# This one takes the prize



## [email protected] (Jul 14, 2009)

Can you believe this guy on craigslist.

1,000 board ft. WALNUT WOOD - $9000 (Forsyth,Mo.)









we have 9 walnut logs...1,000 board feet at $9.00 a brd. ft. for more info. please call me at 417-251-2037..SERIOUS BUYERS ONLY!!!!!!


----------



## Roger Newby (May 26, 2009)

Delusional for sure. :huh: The sawmill I go to gets $3.50 BF and that's kiln dried. :thumbsup:


----------



## GeorgeC (Jul 30, 2008)

Maybe some sucker will buy it.


g


----------



## Hammer1 (Aug 1, 2010)

I never buy anything from people that say "serious buyers only", hate those pin head attitudes. I'd pull up with a logging truck and cherry picker, get out and count out a big wad of cash, put it back in my pocket and leave, laughing all the way, even if it was a great deal and something I wanted.


----------



## fromtheforty (Jan 15, 2011)

"I never buy anything from people that say "serious buyers only"

I love that comment! There is a guy in my area selling various species of lumber and his add on CL says "don't call and ask the price, you should know what it is worth before calling." What a tool! It's good to know that idiots are not only in my area.

Geoff


----------



## Hammer1 (Aug 1, 2010)

I see it frequently, especially with motorcycles. I'll know if I'm serious when I have a chance to see and inspect the item. I wouldn't respond if I didn't have interest and money. Idiots!


----------



## amalina (Apr 1, 2013)

I know I am new to buying logs. But those logs don't look like walnut. Where is the dark wood? Am I missing something?


----------



## jigs-n-fixtures (Apr 28, 2012)

Hammer1 said:


> I see it frequently, especially with motorcycles. I'll know if I'm serious when I have a chance to see and inspect the item. I wouldn't respond if I didn't have interest and money. Idiots!

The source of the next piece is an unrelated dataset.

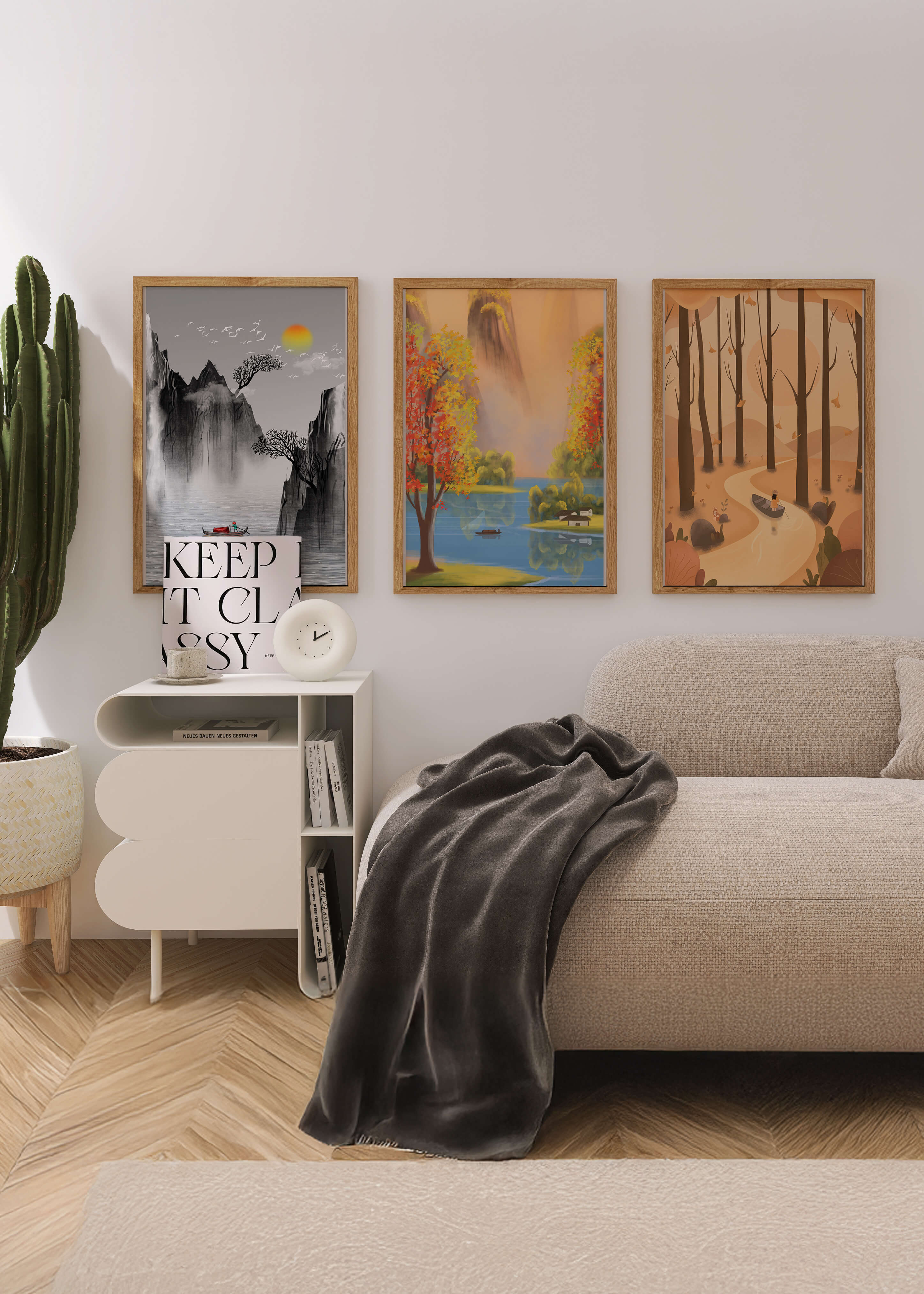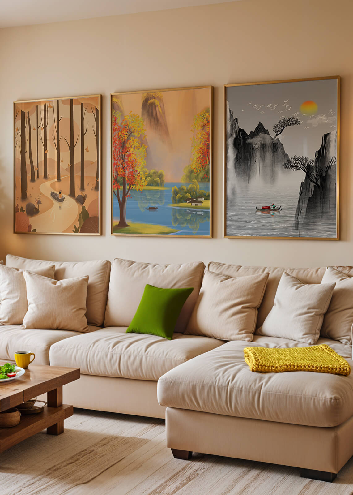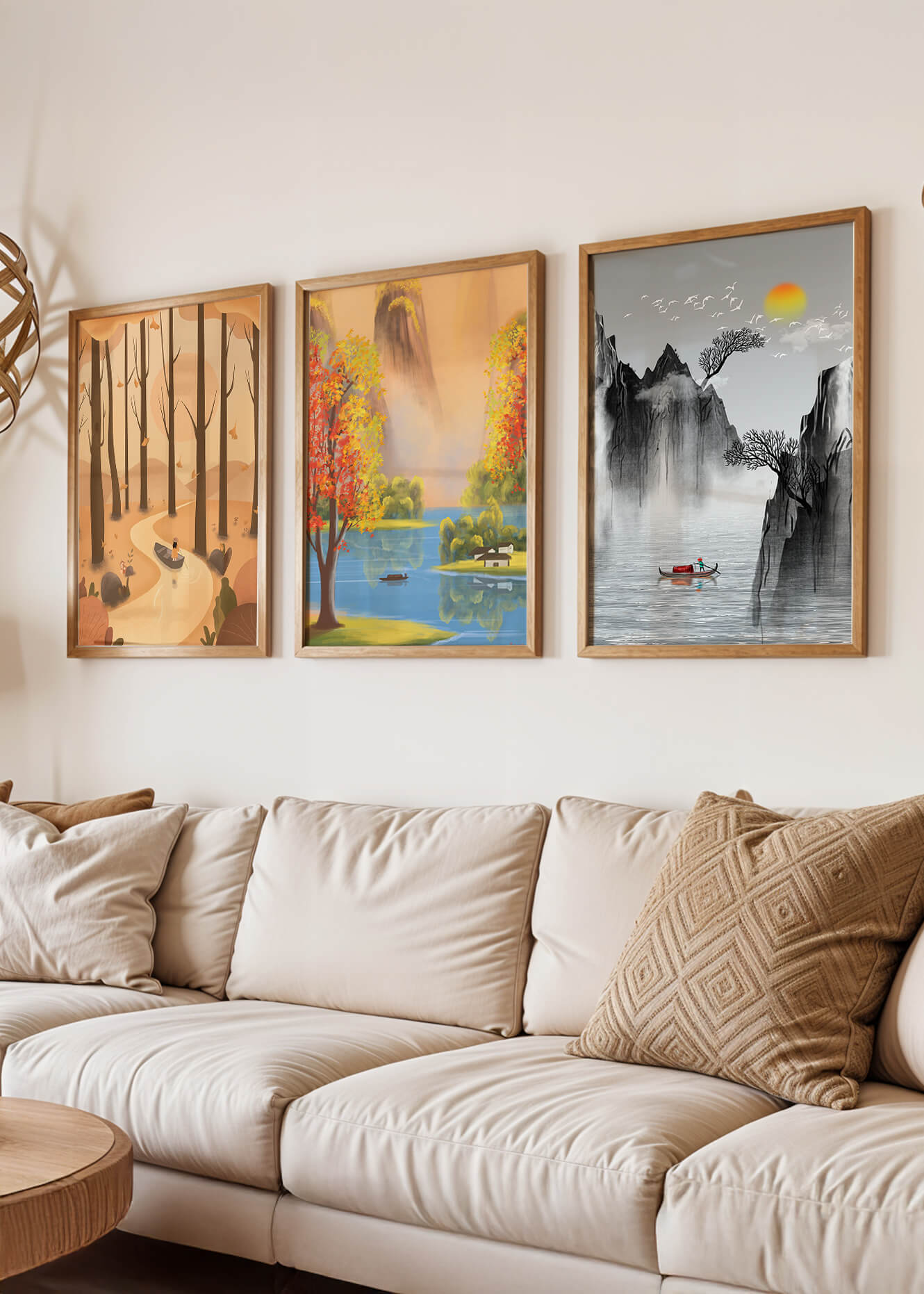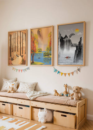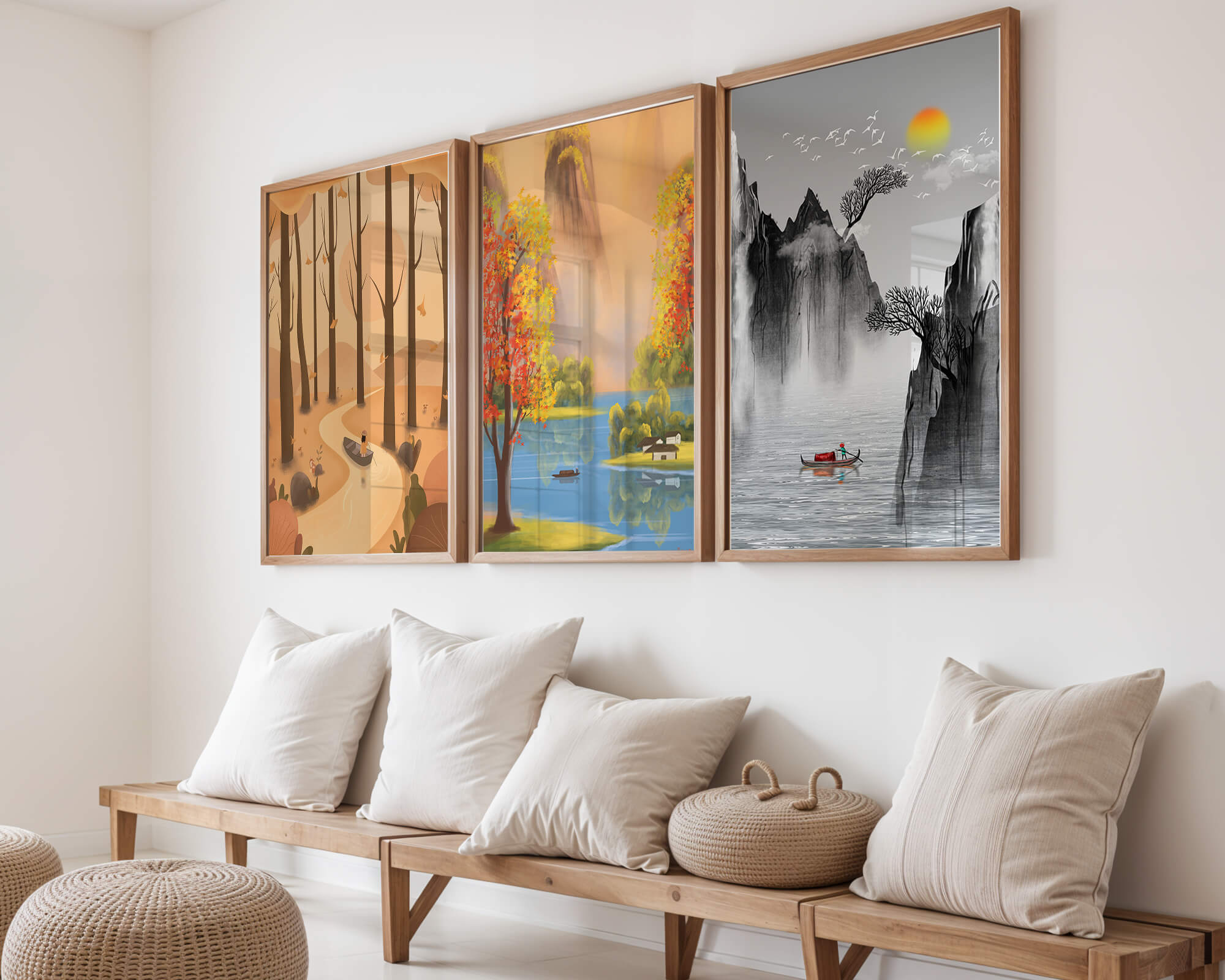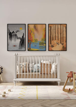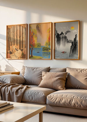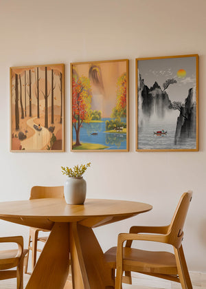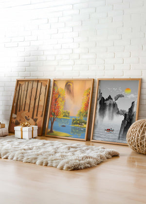 El primer cuadro muestra un sendero en un bosque otoñal, con hojas cayendo suavemente de los árboles altos. La imagen central retrata un paisaje brillante con un lago sereno, rodeado de árboles coloridos y una cascada en el fondo. El tercer cuadro representa un paisaje asiático en tonos monocromáticos, con montañas escarpadas, un río tranquilo y una pequeña barca con un pescador, destacando la sutileza del arte oriental. Estas impresiones de alta calidad son ideales para agregar un toque de naturaleza y serenidad a cualquier espacio en el hogar, como la sala de estar o el estudio. Su estilo sin marco permite integrarlas fácilmente a la decoración existente.| Type |

On the flip side as a seller you don't really want to devote a lot of time on lookeeloos who just want to check out the merchandise and have no potential of funding the purchase. 

Back when I was flipping houses my partner and I used to go scout new model homes to decide what styles and finishes were in vogue, before we started on our flips. That was in reality a waste of the sales people's time.


----------



## ETWW (Mar 27, 2011)

It's always Walnut, isn't it? Some doofus has a Walnut tree or Walnut logs and thinks he's going to get rich off of them.

FAS/Select, kiln dried, s4s Walnut might sell for $6.00 - $8.00/bf in some areas but not in log form. The sad thing is that those logs will probably eventually be cut up for firewood when the seller can't get any buyers at his ridiculous price.


----------